92121, San Diego
Aug 10, 2018
Required Education
Bachelors Degree
Position Type
Full time




This position is part of team having primary responsibility for the Quality Control (QC) of compendial and non-compendial excipients, active ingredients, in-process materials and finished drug products. This individual will work internally with Quality Assurance, Pharmaceutical Sciences, Technical Operations, Regulatory Affairs and Project Management to ensure that timelines for product development, process development, manufacturing and regulatory filings are met. This individual will also oversee assigned work with external contract testing laboratories for outsourced quality control testing of excipients for supplier qualification, in-process samples to support process validation, drug substances and components to support clinical and commercial products. This position will be responsible for schedule oversight, data review, trending and tracking of raw materials, excipients and components.
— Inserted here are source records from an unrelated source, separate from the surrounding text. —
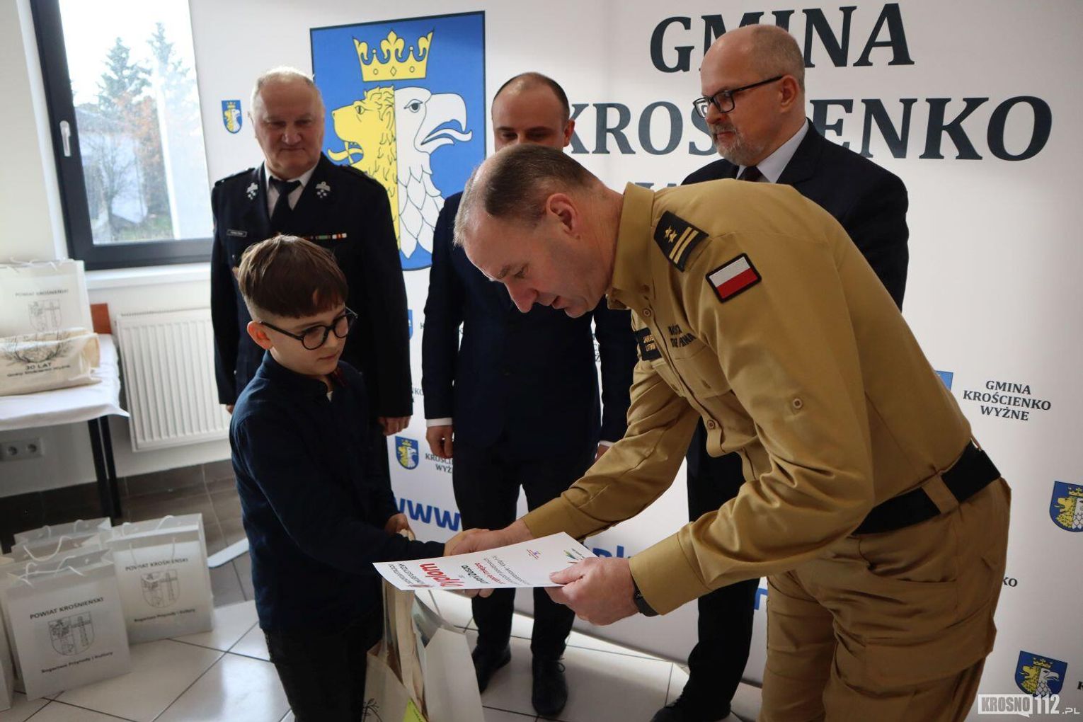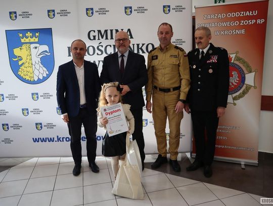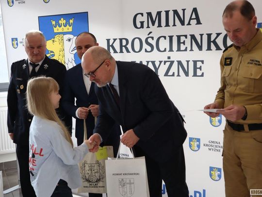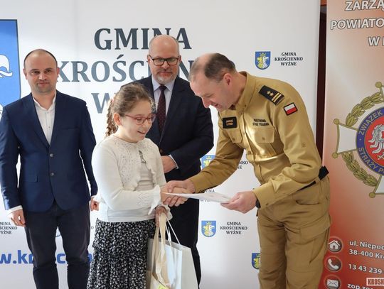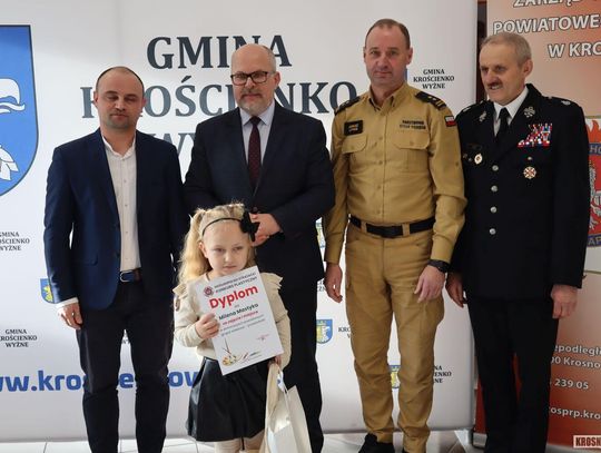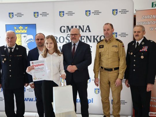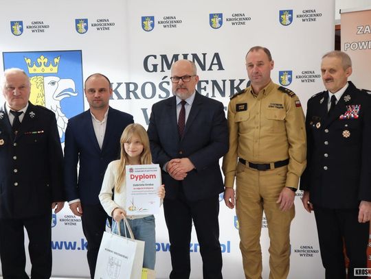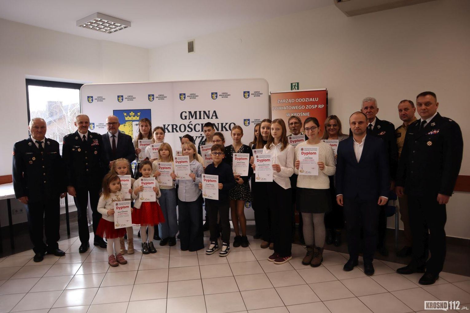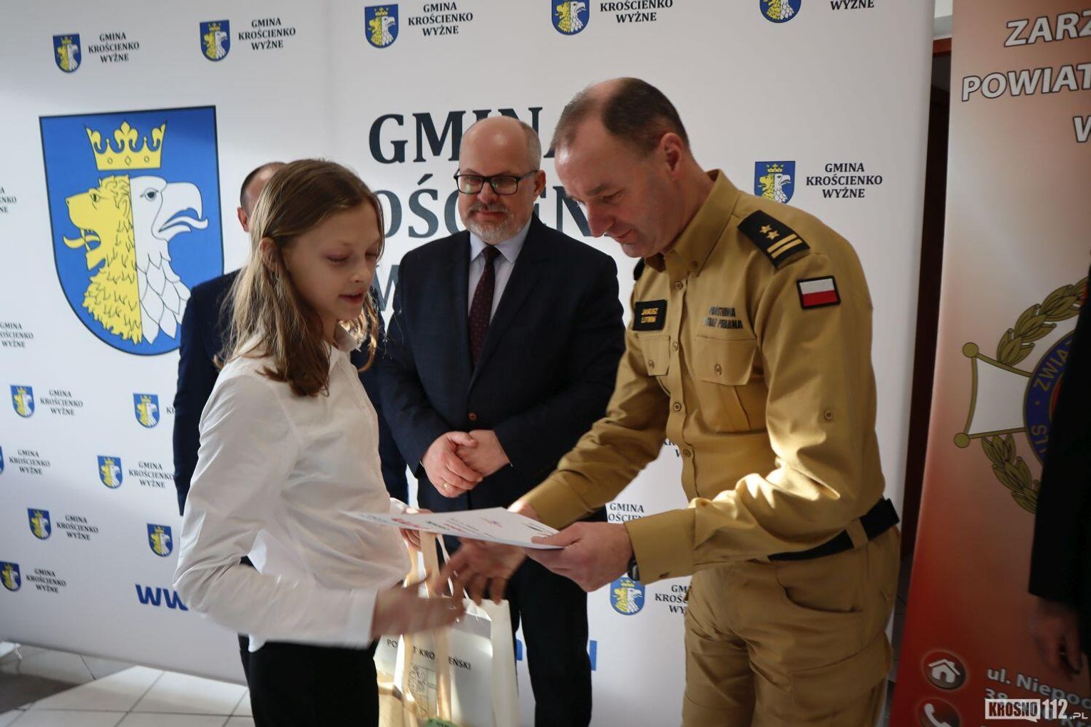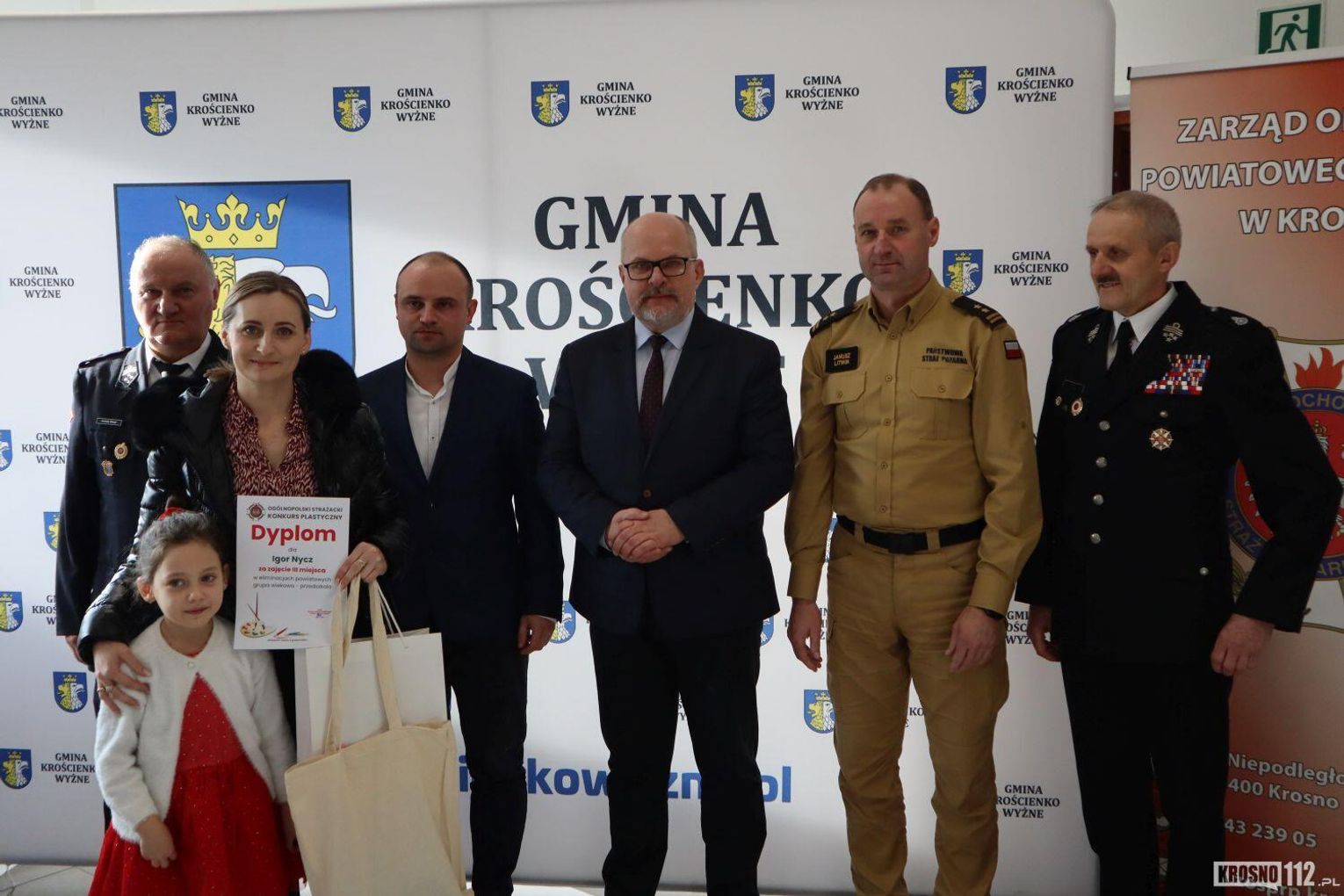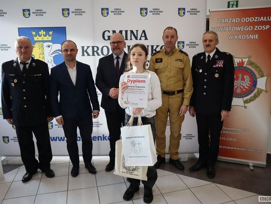 Autorzy prac finału powiatowego otrzymali nagrody ufundowane przez Starostwo Powiatowe w Krośnie oraz Urząd Gminy Krościenko Wyżne. Nagrody i dyplomy laureatom konkursu wręczyli: Andrzej Guzik - Wicestarosta Powiatu Krośnieńskiego, Łukasz Lorens - Zastępca Wójta Gminy Krościenko Wyżne, bryg. Janusz Litwin - Zastępca Komendanta Miejskiego PSP w Krośnie, dh Józef Tucki - Prezes Zarządu Oddziału Powiatowego ZOSP RP w Krośnie, dh Krzysztof Podkul - Sekretarz Zarządu Oddziału Powiatowego ZOSP RP w Krośnie, dh Andrzej Glazar - Prezes OSP KSRG Krościenko Wyżne.
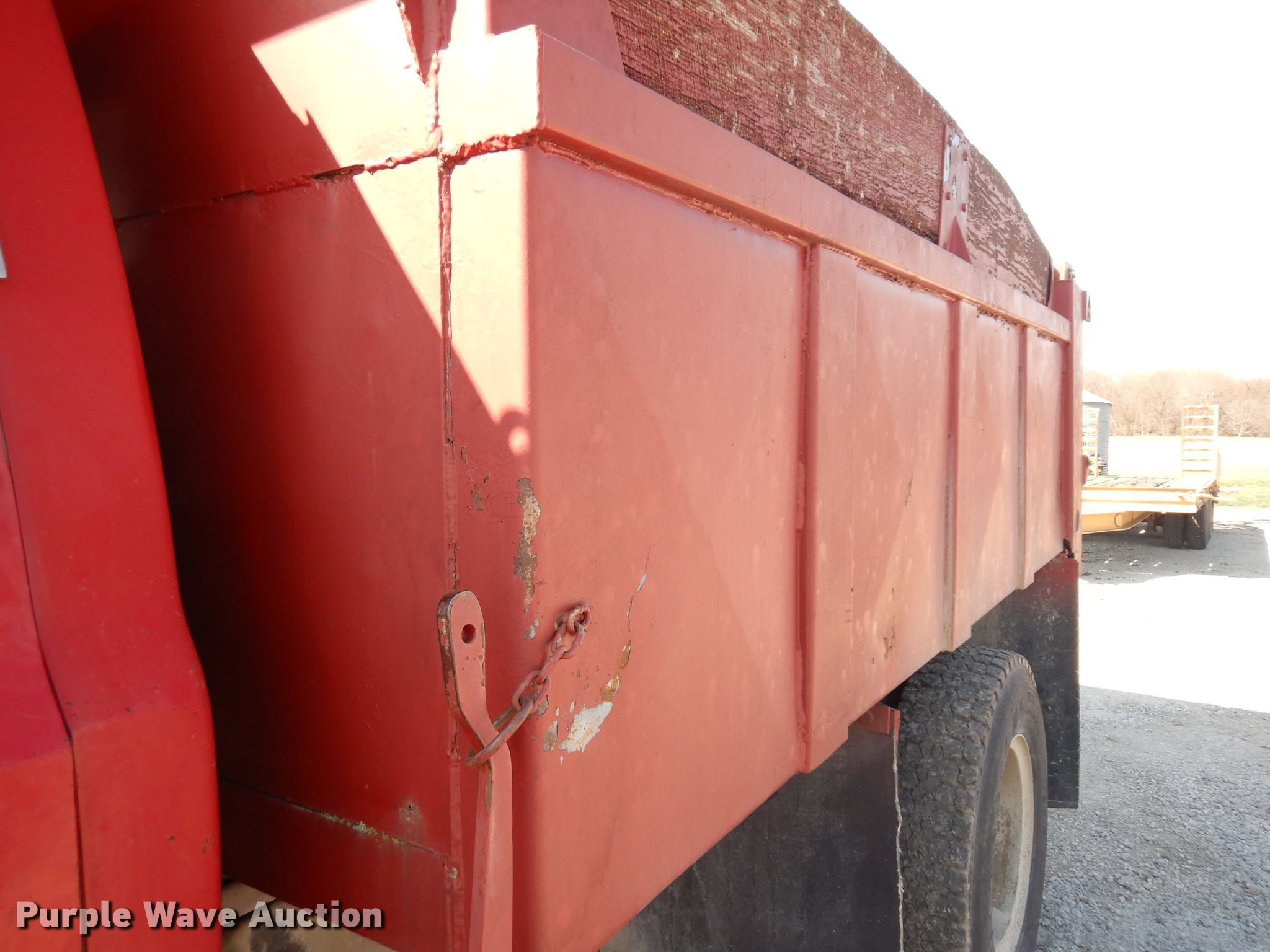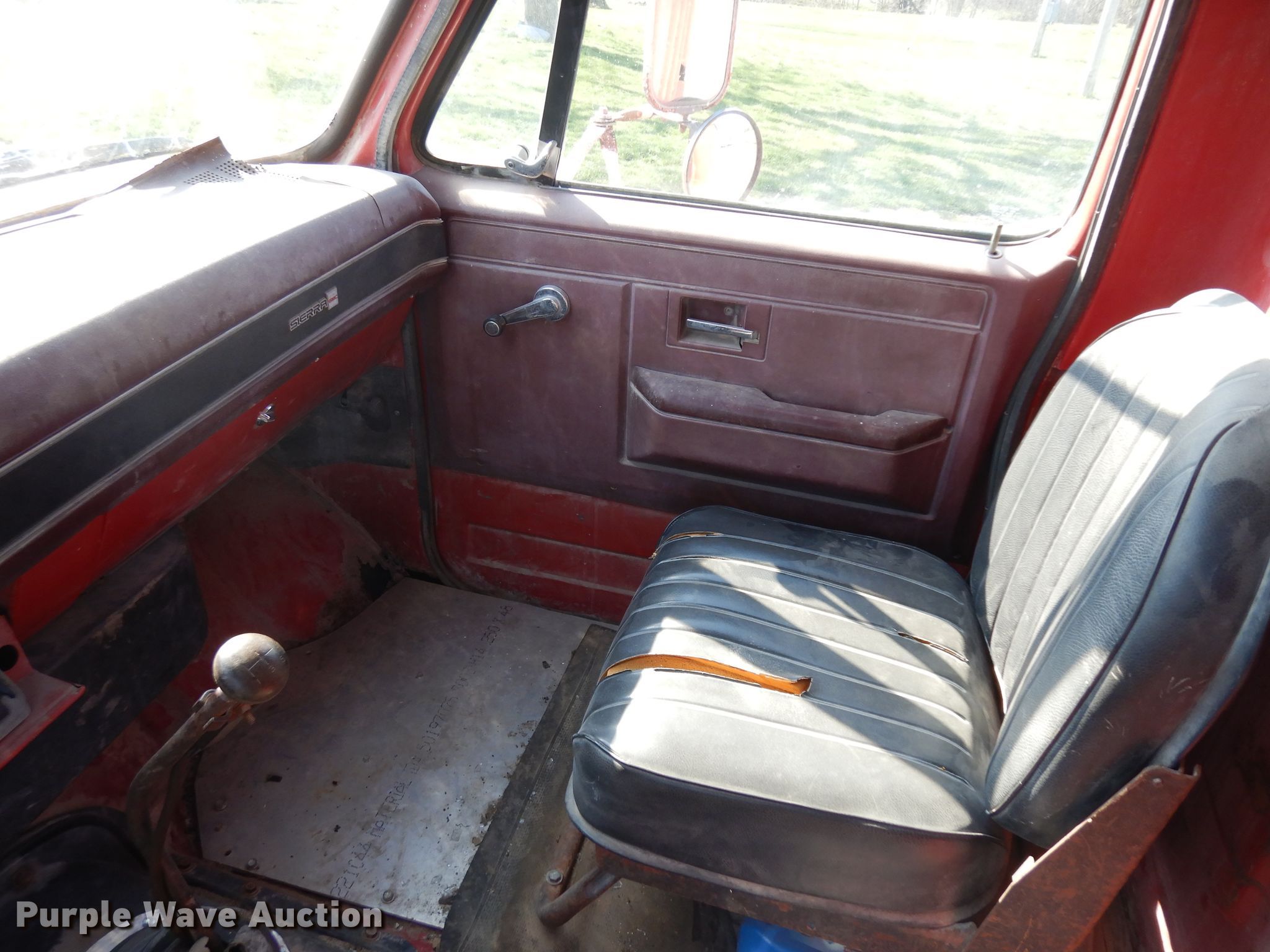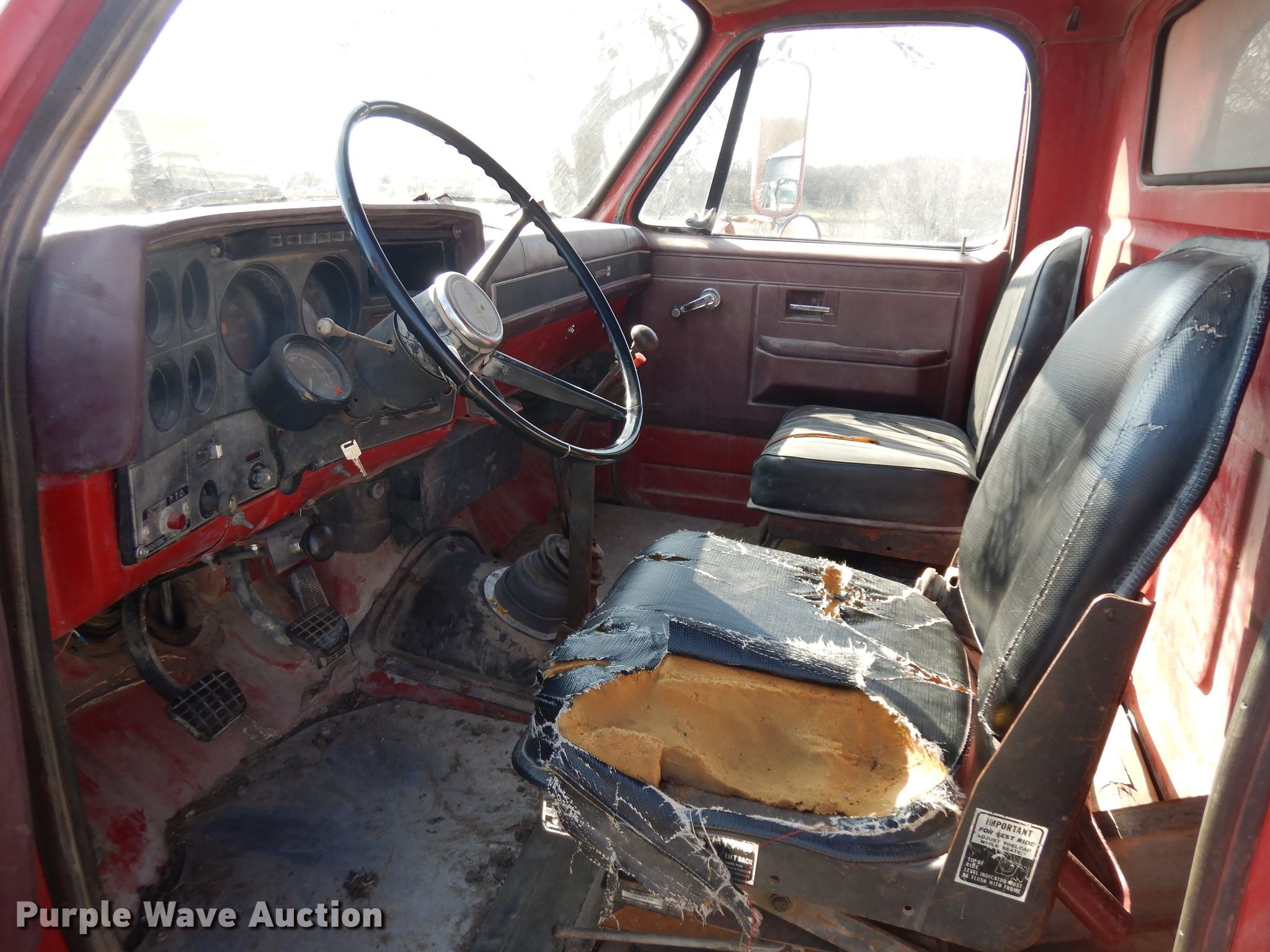 Purple Wave is selling a used Construction Dump Truck in Kansas. This item is a 1987 GMC 7000 dump truck with the following: 122,543 miles on odometer, 6.0L V8 gas engine, Five speed manual transmission, Single axle, Heat, PTO, 10'L x 96"W steel dump bed, 29" side height, 12" side board height, Single ram hoist, Manual operated end gate, Spring suspension, Hydraulic brakes, 10.00R20 tires, GVWR 26,000 lbs, FAWR 7,000 lbs, RAWR 19,000 lbs, Windshield cracked
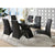 A bold contemporary base supports this rectangular glass table top. Seating six comfortably the chairs have unique chrome design upholstered in two color options.
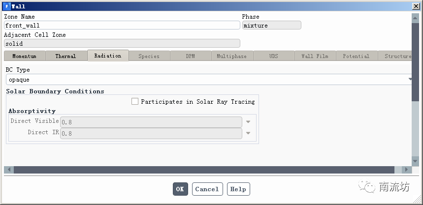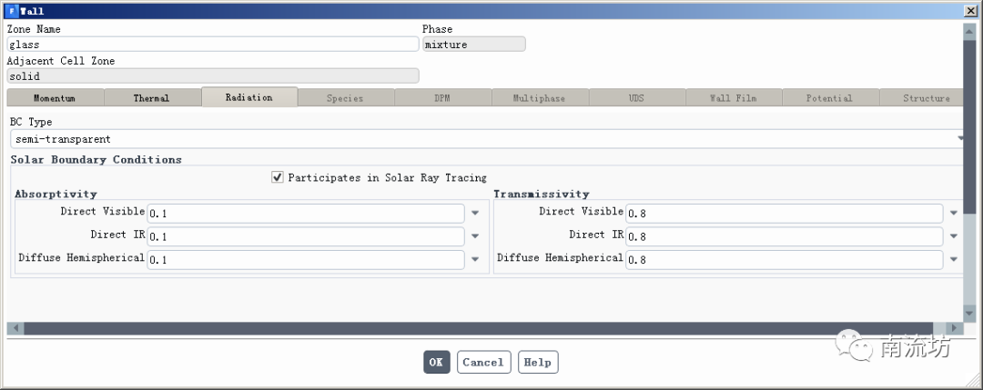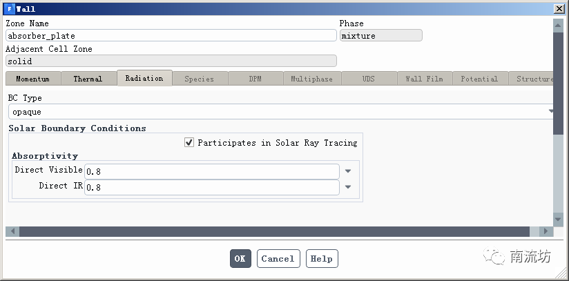 Radiation Models对话框,勾选Rosseland,Solar Load Model选择Solar Ray Tracing。
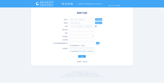首次使用在线报名功能,应先注册账号。注册用户只能为用户本人申请培训报名。点击登录页面的“新用户注册”,即可进入本币培训报名的注册页面,如下图所示:
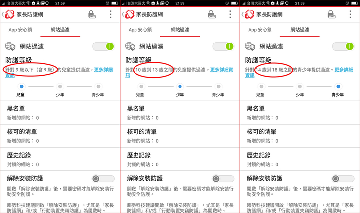 【▼】【家長防護網】中的網站過濾能依照不同年齡層(含9歲以下兒童、10-13歲的少年以及14-18歲的青少年)作不同程度的防護等級,若是像暴力與色情的網站,就可直接列入黑名單中。
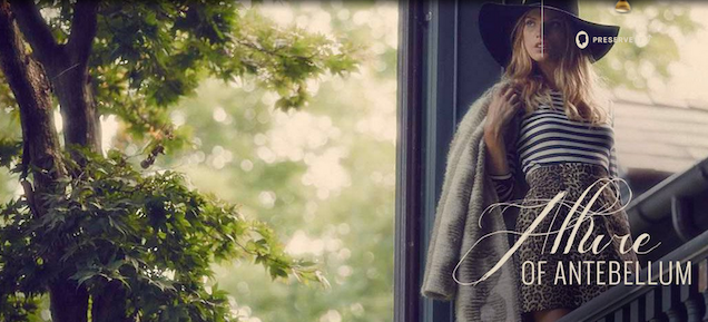But this fall, Preserve proudly brings you the “Allure of Antebellum,” a fashion collection inspired by the “southern charm” and the “authenticity” of the “Southern belle.” These were the women, the website observes, who possessed “inherent social distinction [that] set the standards for style and appearance” and “epitomized Southern hospitality with a cultivation of beauty and grace, but even more with a captivating and magnetic sensibility.” Want a piece of that? Well, then, “embrace the season and the magic below the Mason-Dixon with styles as theatric as a Dixie drawl.”

  • Oversight of the raw material qualification program for all products development through commercial.
  • Review of test results, change controls and writing and revising standard operating procedures.
  • Review and approve contract analytical testing laboratories method validation protocols and reports for excipients, drug substances and components.
  • Review and approval of associated deviations and Out of Trend and Out of Specification investigations.
  • Supports the Supplier Audit Program by participating in contractor audits to assure compliance to quality policies, cGMPs, and regulatory filings. Participates in audits of contract testing laboratories to ensure compliance with cGMP’s and readiness for Pre-Approval Inspections.
  • Identify and assist in the resolution of quality related issues that impact cGMP compliance, regulatory filings, or other risks.
  • Collaborates with contract testing laboratories and internal groups to find solutions concerning quality issues.
  • Contributes to annual product reviews for marketed products.


  • BS in life sciences (Biology, Chemistry, Pharmacology) with 5-10 years in Pharmaceutical Quality Control Operations with the application of cGMPs for development through commercial operations.
  • Excellent oral and written communication skills in cGMP documentation.
  • Experience in analytical method development, validation, optimization and transfers.
  • Experience in GXP compliance audits and laboratory oversight.
  • Interpersonal skills to interface and develop effective relationships with suppliers.
  • Excellent team work, communication and negotiation skills in dealing with internal and external partners with the ability to lead and manage quality related projects.
  • Possess technical knowledge related to typical Quality Control activities in the pharmaceutical and medical device industries.         
  • Thorough knowledge of GMP’s and regulatory requirements.
  • Up to 20% travel required.
  • Understanding of parenteral drug product and drug/device combinations.